Service with Avon | Entitlement | |
0-1 year | 4 weeks | |
1-2 year | 8 weeks | |
2-5 years | 16 weeks | |
5+ years | 26 weeks |
Pension Scheme: | The Company operates an employee contributory pension scheme, which is open to all permanent and fixed term employees. Under current Auto Enrolment legislation, the Company is required to enrol automatically employees who meet certain criteria into a qualifying scheme. Full details of the current Avon Pension Scheme, the enrolment criteria and how auto-enrolment is applied can be found in the pension documents, which will be provided to you separately. Such pension documents, along with the rules and trust deed for the pension scheme, shall govern your participation in the Company’s pension scheme. |
The Company’s contribution to the pension scheme for you will be 18% of pensionable pay with a salary cap of £154,200 based on your contribution to the scheme (as further outlined in the pension documents separately provided to you); provided, that if you elect to opt out of automatic enrolment or re-enrolment into the Avon Pension Scheme, the Company will instead pay you the amounts that would otherwise be contributed to the pension scheme in accordance with the opt-out provisions of the pension scheme and the Company’s remuneration payment practices. Such payment will not be treated as salary for any purpose under this Agreement.
For tax purposes, the Pension Input Period in the Avon Pension Scheme ends on 31st March each year.

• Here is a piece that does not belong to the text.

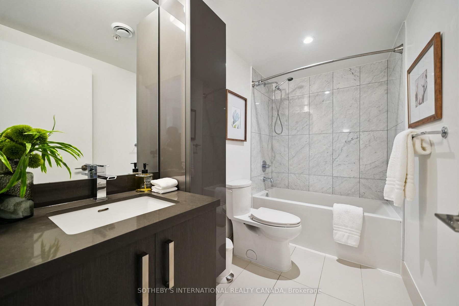 Welcome to the award-winning Canary District Condos! This stylish 2+1-bedroom split-plan unit is a rare offering, boasting an exceptional floor plan. This bright, contemporary, and adaptable 858 sq. ft. residence exemplifies superior condominium living, featuring floor-to-ceiling windows and hardwood flooring throughout. The sleek, modern kitchen is equipped with high-end appliances, and the open concept living area provides access to a spacious balcony, ideal for relaxation or entertaining and the versatile +1 area can be readily customized to suit individual needs. The primary bedroom offers a tranquil sanctuary with ample closet space and an en-suite bathroom. The second bedroom serves effectively as a guest bedroom or a combined bedroom/office. With an additional four-piece bathroom and in-suite washer/dryer, this home is ideally suited for those who appreciate functional and flexible living without compromising on quality, efficiency, or comfort. This unit includes a conveniently located parking spot, bicycle rack, and two lockers for supplementary storage. This location is truly exceptional, providing diverse offerings for all. Highlights include the Diamond Jubilee Promenade with a splash pad, Underpass Park featuring a playground, basketball court, and skateboard park, and Corktown Common, an 18-acre park with a marsh, expansive lawns, urban prairies, playground areas, a splash pad, and inviting features such as a fireplace, permanent barbeque, and large communal picnic table. Canary District Condos are within walking distance of George Brown College, the state-of-the-art YMCA, The Distillery District, Leslieville, and St. Lawrence Market. With a Walk Score of 93, residents are also in proximity to trendy restaurants, cafes, and boutique shops. Commuting is effortless via the 504A King Streetcar that stops at King Subway Station, buses, and Union Station, with easy and quick access to the DVP & Gardiner Expressway.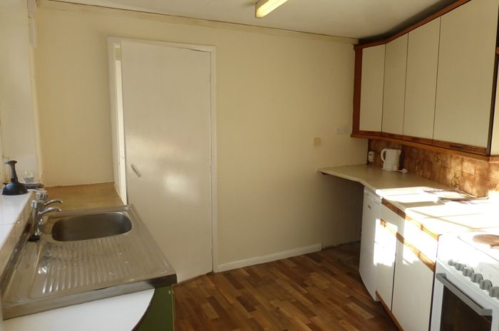 KITCHEN 10' 3" x 8' 11" (3.13m narrowing to 2.30m x 2.73m) wood effect vinyl flooring; fitted wall and base units; space and plumbing for washing machine; stainless steel sink unit; upvc double glazed window to rear.

The Company intends to comply with its employer duties under the Automatic Enrolment Laws as they apply to you and will automatically enrol or re-enrol you into a pension scheme as and when required by law. You are required to notify the Company in writing if you have registered for, or are otherwise eligible for, any form of tax protection which may be lost or prejudiced as a result of your automatic enrolment or re-enrolment into a pension scheme. The Company will have no liability to you in respect of any adverse tax consequences of your automatic enrolment or re-enrolment if you fail to provide such notification, or if the notification you provide is less than one week prior to your automatic enrolment or re-enrolment date.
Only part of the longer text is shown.